(Dataset entries)
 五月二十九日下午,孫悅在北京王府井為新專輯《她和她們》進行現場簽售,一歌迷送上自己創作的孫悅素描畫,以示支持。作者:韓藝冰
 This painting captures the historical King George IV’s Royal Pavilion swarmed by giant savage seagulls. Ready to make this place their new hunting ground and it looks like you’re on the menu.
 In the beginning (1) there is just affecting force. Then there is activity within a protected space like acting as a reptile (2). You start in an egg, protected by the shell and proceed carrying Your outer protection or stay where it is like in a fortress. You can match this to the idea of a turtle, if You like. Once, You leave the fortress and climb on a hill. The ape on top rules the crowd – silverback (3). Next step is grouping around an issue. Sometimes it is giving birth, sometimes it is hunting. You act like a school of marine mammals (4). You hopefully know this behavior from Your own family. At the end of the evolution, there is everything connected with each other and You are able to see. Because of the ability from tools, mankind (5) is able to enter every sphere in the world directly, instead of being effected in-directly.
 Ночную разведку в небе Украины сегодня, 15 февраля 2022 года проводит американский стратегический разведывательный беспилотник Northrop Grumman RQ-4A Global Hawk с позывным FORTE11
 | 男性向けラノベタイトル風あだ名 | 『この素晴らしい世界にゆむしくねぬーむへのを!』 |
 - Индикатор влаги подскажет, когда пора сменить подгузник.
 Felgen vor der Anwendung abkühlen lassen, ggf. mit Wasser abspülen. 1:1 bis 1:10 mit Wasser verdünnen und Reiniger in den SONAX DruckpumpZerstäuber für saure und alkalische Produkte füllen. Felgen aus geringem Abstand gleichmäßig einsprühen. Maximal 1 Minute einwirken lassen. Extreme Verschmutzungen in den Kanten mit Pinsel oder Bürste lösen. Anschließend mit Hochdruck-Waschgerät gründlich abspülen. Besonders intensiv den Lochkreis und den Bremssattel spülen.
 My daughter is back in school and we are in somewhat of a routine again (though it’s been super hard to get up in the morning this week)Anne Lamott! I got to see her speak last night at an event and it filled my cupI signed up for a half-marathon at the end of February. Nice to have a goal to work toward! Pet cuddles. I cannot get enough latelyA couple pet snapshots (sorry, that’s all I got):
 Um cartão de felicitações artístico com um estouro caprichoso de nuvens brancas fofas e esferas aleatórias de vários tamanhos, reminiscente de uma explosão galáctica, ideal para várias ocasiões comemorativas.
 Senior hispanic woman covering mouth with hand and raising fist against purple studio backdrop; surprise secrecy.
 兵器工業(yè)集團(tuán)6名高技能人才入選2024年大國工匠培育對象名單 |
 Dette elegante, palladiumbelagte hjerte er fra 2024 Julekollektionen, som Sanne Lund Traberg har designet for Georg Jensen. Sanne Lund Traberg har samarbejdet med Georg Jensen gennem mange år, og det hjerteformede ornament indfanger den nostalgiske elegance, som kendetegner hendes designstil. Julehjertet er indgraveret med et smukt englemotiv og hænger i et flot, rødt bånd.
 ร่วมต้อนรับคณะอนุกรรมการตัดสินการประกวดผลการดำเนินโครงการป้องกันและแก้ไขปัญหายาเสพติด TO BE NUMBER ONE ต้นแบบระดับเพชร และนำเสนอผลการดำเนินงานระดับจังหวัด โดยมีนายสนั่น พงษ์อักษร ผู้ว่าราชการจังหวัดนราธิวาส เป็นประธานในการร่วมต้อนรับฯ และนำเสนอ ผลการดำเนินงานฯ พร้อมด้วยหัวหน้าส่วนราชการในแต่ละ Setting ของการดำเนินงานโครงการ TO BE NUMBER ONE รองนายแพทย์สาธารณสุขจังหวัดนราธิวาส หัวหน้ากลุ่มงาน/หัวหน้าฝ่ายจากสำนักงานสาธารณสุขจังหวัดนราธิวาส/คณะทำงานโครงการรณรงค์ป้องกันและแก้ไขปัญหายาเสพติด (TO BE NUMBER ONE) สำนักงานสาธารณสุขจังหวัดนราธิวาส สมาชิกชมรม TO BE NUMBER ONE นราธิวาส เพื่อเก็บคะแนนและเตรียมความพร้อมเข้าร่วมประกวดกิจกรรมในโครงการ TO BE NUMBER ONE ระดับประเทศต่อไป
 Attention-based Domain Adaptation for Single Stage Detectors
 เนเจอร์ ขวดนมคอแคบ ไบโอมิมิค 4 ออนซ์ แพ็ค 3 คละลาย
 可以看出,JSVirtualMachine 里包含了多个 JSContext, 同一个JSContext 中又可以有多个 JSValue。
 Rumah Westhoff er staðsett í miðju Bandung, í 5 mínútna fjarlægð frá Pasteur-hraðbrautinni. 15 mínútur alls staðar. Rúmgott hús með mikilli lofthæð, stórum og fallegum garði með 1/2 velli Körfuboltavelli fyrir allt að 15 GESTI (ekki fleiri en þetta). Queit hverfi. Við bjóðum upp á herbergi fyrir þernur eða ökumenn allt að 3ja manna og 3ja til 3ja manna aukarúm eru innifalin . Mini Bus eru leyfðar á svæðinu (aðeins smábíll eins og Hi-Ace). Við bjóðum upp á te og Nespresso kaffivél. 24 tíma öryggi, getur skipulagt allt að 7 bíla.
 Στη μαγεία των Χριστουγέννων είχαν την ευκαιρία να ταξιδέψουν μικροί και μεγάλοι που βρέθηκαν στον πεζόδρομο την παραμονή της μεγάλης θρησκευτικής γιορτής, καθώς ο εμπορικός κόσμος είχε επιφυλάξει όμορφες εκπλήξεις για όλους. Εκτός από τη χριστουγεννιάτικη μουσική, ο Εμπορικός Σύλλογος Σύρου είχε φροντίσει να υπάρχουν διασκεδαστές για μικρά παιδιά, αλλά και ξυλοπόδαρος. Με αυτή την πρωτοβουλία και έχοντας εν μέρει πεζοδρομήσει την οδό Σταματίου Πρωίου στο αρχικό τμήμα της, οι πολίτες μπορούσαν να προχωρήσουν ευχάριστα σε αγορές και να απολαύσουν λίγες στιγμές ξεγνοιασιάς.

→ What you have to do
All that belongs in the answer is the run of lines above from the line containing "In the beginning" through the line containing "Felgen vor der", exactly as written.

→ Task response
 In the beginning (1) there is just affecting force. Then there is activity within a protected space like acting as a reptile (2). You start in an egg, protected by the shell and proceed carrying Your outer protection or stay where it is like in a fortress. You can match this to the idea of a turtle, if You like. Once, You leave the fortress and climb on a hill. The ape on top rules the crowd – silverback (3). Next step is grouping around an issue. Sometimes it is giving birth, sometimes it is hunting. You act like a school of marine mammals (4). You hopefully know this behavior from Your own family. At the end of the evolution, there is everything connected with each other and You are able to see. Because of the ability from tools, mankind (5) is able to enter every sphere in the world directly, instead of being effected in-directly.
 Ночную разведку в небе Украины сегодня, 15 февраля 2022 года проводит американский стратегический разведывательный беспилотник Northrop Grumman RQ-4A Global Hawk с позывным FORTE11
 | 男性向けラノベタイトル風あだ名 | 『この素晴らしい世界にゆむしくねぬーむへのを!』 |
 - Индикатор влаги подскажет, когда пора сменить подгузник.
 Felgen vor der Anwendung abkühlen lassen, ggf. mit Wasser abspülen. 1:1 bis 1:10 mit Wasser verdünnen und Reiniger in den SONAX DruckpumpZerstäuber für saure und alkalische Produkte füllen. Felgen aus geringem Abstand gleichmäßig einsprühen. Maximal 1 Minute einwirken lassen. Extreme Verschmutzungen in den Kanten mit Pinsel oder Bürste lösen. Anschließend mit Hochdruck-Waschgerät gründlich abspülen. Besonders intensiv den Lochkreis und den Bremssattel spülen.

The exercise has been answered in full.